Now, let's use Enzyme.jl to compute the derivative of the outputs with respect to x1 and x2, using reverse-mode autodiff:

using Enzyme

function my_loss_function(tree, X, operators)
    # Get the outputs
    y = tree(X, operators)
    # Sum them (so we can take a gradient, rather than a jacobian)
    return sum(y)
end


dX = begin
    storage=zero(X)
    autodiff(
        Reverse,
        my_loss_function,
        Active,
        ## Actual arguments to function:
        Const(tree),
        Duplicated(X, storage),
        Const(operators),
    )
    storage
end

This will get returned as

 2×3 Matrix{Float64}:
  0.5       0.5       0.5
  0.611858  0.996165  0.464602

which one can confirm is the correct gradient!

This will take a while the first time you run it, as Enzyme needs to take the gradients of the actual LLVM IR code. Subsequent runs won't spend any time compiling and be much faster.

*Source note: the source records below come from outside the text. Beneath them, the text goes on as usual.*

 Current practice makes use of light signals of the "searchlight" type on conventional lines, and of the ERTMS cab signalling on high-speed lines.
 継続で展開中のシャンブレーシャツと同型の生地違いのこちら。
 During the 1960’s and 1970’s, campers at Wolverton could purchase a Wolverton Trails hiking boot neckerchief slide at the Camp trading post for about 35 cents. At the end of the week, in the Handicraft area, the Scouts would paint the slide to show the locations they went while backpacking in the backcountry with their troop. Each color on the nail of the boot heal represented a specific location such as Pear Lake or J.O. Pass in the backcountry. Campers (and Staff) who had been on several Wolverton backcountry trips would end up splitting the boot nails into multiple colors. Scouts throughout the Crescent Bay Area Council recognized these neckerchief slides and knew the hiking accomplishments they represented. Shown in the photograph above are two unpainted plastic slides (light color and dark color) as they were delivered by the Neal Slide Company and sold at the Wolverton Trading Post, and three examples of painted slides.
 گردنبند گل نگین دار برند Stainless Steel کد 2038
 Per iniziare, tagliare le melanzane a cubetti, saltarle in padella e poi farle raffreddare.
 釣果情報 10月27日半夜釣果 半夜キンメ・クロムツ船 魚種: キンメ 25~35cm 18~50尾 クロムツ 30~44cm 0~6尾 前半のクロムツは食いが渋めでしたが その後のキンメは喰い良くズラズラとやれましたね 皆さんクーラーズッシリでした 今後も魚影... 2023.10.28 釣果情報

Some general notes about this:

  1. We want to take a reverse-mode gradient, so we pass Reverse to autodiff.
  2. Since we want to take the gradient of the output of my_loss_function, we declare Active as the third argument.
  3. Following this, we pass our actual arguments to the function.
    • Objects which we don't want to take gradients with respect to, and also don't temporarily store any data during the computation (such as tree and operators here) should be wrapped with Const.
    • Objects which we wish to take derivatives with respect to, we need to use Duplicated, and explicitly create a copy of it, with all numerical values set to zero. Enzyme will then store the derivatives in this object.

Note that you should never use anything other than turbo=Val(false) with Enzyme, as Enzyme and LoopVectorization are not compatible, and will cause a segfault. Even using turbo=false will not work, because it would cause Enzyme to trace the (unused) LoopVectorization code!